Et s'il eut raison de refuser l'obéissance, comment vivons-nous sous des lois que nous trouvons raisonnables de donner la mort à qui refuserait cette même obéissance aveugle? Nous admirons le libre arbitre et nous le tuons; l'absurde ne peut régner ainsi longtemps. Il faudra bien que l'on en vienne à régler les circonstances où la délibération sera permise à l'homme armé, et jusqu'à quel rang sera laissée libre l'intelligence, et avec elle l'exercice de la Conscience et de la Justice... Il faudra bien un jour sortir de là.

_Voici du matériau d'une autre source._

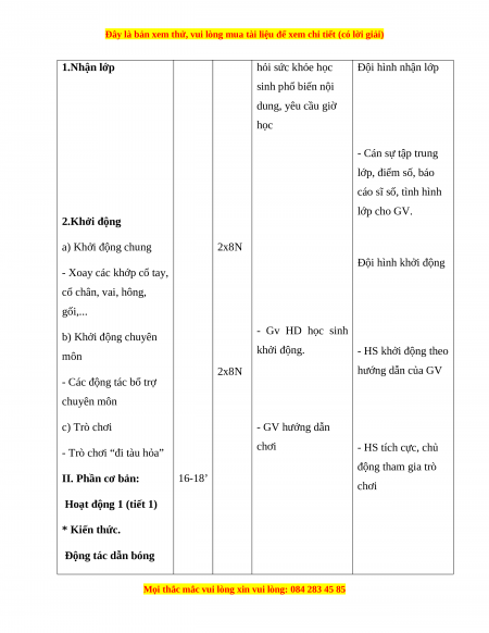 1.Nhận lớp hỏi sức khỏe học Đội hình nhận lớp sinh phổ biến nội dung, yêu cầu giờ học - Cán sự tập trung lớp, điểm số, báo cáo sĩ số, tình hình lớp cho GV. 2.Khởi động a) Khởi động chung 2x8N Đội hình khởi động - Xoay các khớp cổ tay, cổ chân, vai, hông, gối,... - Gv HD học sinh b) Khởi động chuyên khởi động. môn - HS khởi động theo 2x8N hướng dẫn của GV
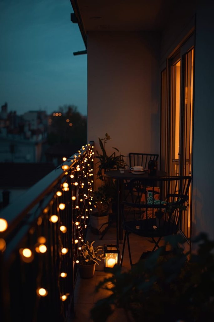 For a cozy, magical vibe, I drape apartment patio lighting ideas along the railing. It’s one of the simplest ways to make a small patio feel like a getaway.
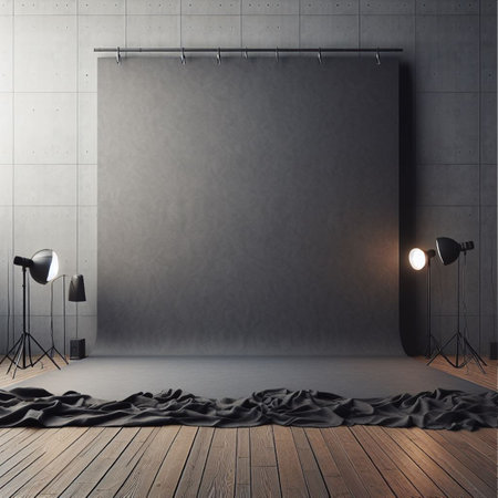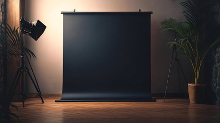 A dark studio setup with a black backdrop, lighting equipment, and plants.

Je ne me dissimule point que c'est là une question d'une extrême difficulté, et qui touche à la base même de toute discipline. Loin de vouloir affaiblir cette discipline, je pense qu'elle a besoin d'être corroborée sur beaucoup de points parmi nous, et que, devant l'ennemi, les lois ne peuvent être trop draconiennes. Quand l'armée tourne sa poitrine de fer contre l'étranger, qu'elle marche et agisse comme un seul homme, cela doit être; mais lorsqu'elle s'est retournée et qu'elle n'a plus devant elle que la mère-patrie, il est bon qu'alors, du moins, elle trouve des lois prévoyantes qui lui permettent d'avoir des entrailles filiales. Il est à souhaiter aussi que des limites immuables soient posées une fois pour toujours à ces ordres absolus données aux Armées par le souverain Pouvoir, si souvent tombé en indignes mains, dans notre histoire. Qu'il ne soit jamais possible à quelques aventuriers parvenus à la Dictature, de transformer en assassins quatre cent mille hommes d'honneur, par une loi d'un jour comme leur règne!

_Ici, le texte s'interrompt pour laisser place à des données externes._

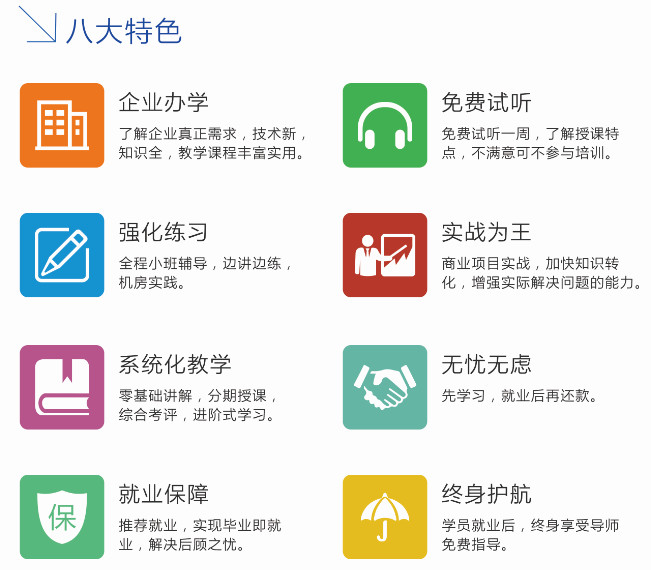 兵锋软件开发培训为了达到强化学员对理论基础知识的掌握,增强解决项目实际问题的能力,采取商业项目实战的教学方法,通过理论学习,上机实践,老师指导,学员动手,结合公司商业项目,将所学知识运用在实际商业项目中解决问题。即强化了理论知识的掌握,又增强了实践动手能力,还让学员从中获得劳动成果,加快从学员向专业软件开发从事业的转变。

Souvent, il est vrai, je vis, dans les coutumes du service, que, grâce peut-être à l'incurie française et à la facile bonhomie de notre caractère, comme compensation, et tout à côté de cette misère de la Servitude militaire, il régnait dans les Armées une sorte de liberté d'esprit qui adoucissait l'humiliation de l'obéissance passive; et, remarquant dans tout homme de guerre quelque chose d'ouvert et de noblement dégagé, je pensai que cela venait d'une âme reposée et soulagée du poids énorme de la responsabilité. J'étais fort enfant alors, et j'éprouvai peu à peu que ce sentiment allégeait ma conscience; il me sembla voir dans chaque général en chef une sorte de Moïse, qui devait seul rendre ses terribles comptes à Dieu, après avoir dit aux fils de Lévi: «Passez et repassez au travers du camp; que chacun tue son frère, son fils, son ami et celui qui lui est le plus proche.» Et il y eut vingt-trois mille hommes de tués, dit l'Exode, ch. XXXII, v. 27; car je savais la Bible par coeur, et ce livre et moi étions tellement inséparables que dans les plus longues marches il me suivait toujours. On voit quelle fut la première consolation qu'il me donna. Je pensai qu'il faudrait que j'eusse bien du malheur pour qu'un de mes Moïses galonnés d'or m'ordonnât de tuer toute ma famille; et, en effet, cela ne m'arriva pas, comme je l'avais fort sagement conjecturé. Je pensais aussi que, quand même régnerait sur la terre l'impraticable paix de l'abbé de Saint-Pierre, et quand lui-même serait chargé de régulariser cette liberté et cette égalité universelles, il lui faudrait pour cette oeuvre quelques régiments de Lévites à qui il pût dire de ceindre l'épée, et à qui leur soumission attirerait la bénédiction du Seigneur. Je cherchais ainsi à capituler avec les monstrueuses résignations de l'_obéissance passive_, en considérant à quelle source elle remontait et comme tout ordre social semblait appuyé sur l'obéissance; mais il me fallut bien des raisonnements et des paradoxes pour parvenir à lui faire prendre quelque place dans mon âme. J'aimais fort à l'infliger et peu à la subir; je la trouvais admirablement sage sous mes pieds, mais absurde sur ma tête. J'ai vu, depuis, bien des hommes raisonner ainsi, qui n'avaient pas l'excuse que j'avais alors: j'étais un Lévite de seize ans.